- Opening Delimiter -

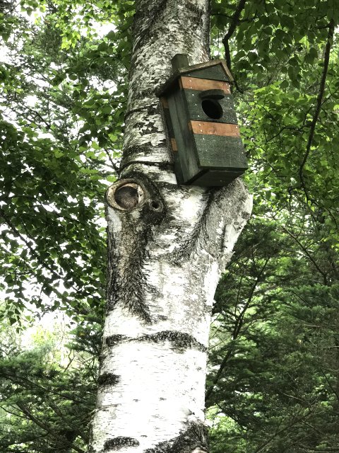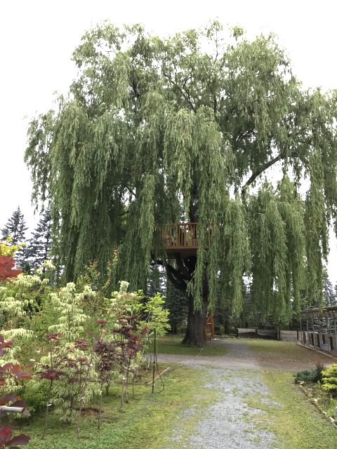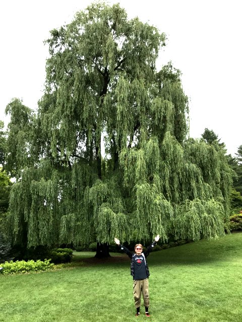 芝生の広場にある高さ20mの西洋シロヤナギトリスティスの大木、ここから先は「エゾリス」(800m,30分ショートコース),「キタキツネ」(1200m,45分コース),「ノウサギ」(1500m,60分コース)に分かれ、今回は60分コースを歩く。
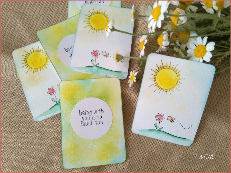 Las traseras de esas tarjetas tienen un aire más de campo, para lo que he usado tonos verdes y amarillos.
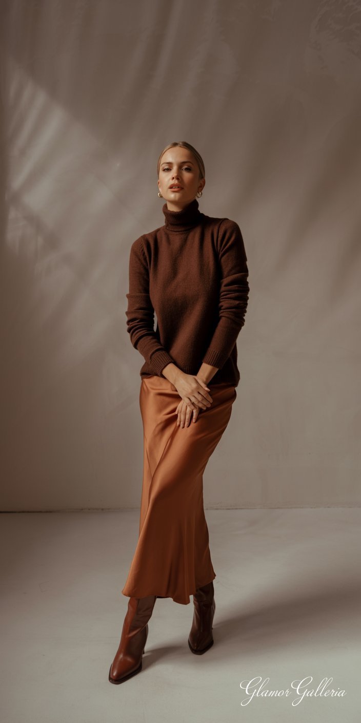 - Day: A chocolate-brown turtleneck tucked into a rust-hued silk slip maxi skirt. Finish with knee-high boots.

- Closing Delimiter -

-- Activity --
An exact transcript of the listing is needed, free of pictures.

-- Response to the exercise --
 芝生の広場にある高さ20mの西洋シロヤナギトリスティスの大木、ここから先は「エゾリス」(800m,30分ショートコース),「キタキツネ」(1200m,45分コース),「ノウサギ」(1500m,60分コース)に分かれ、今回は60分コースを歩く。
 Las traseras de esas tarjetas tienen un aire más de campo, para lo que he usado tonos verdes y amarillos.
 - Day: A chocolate-brown turtleneck tucked into a rust-hued silk slip maxi skirt. Finish with knee-high boots.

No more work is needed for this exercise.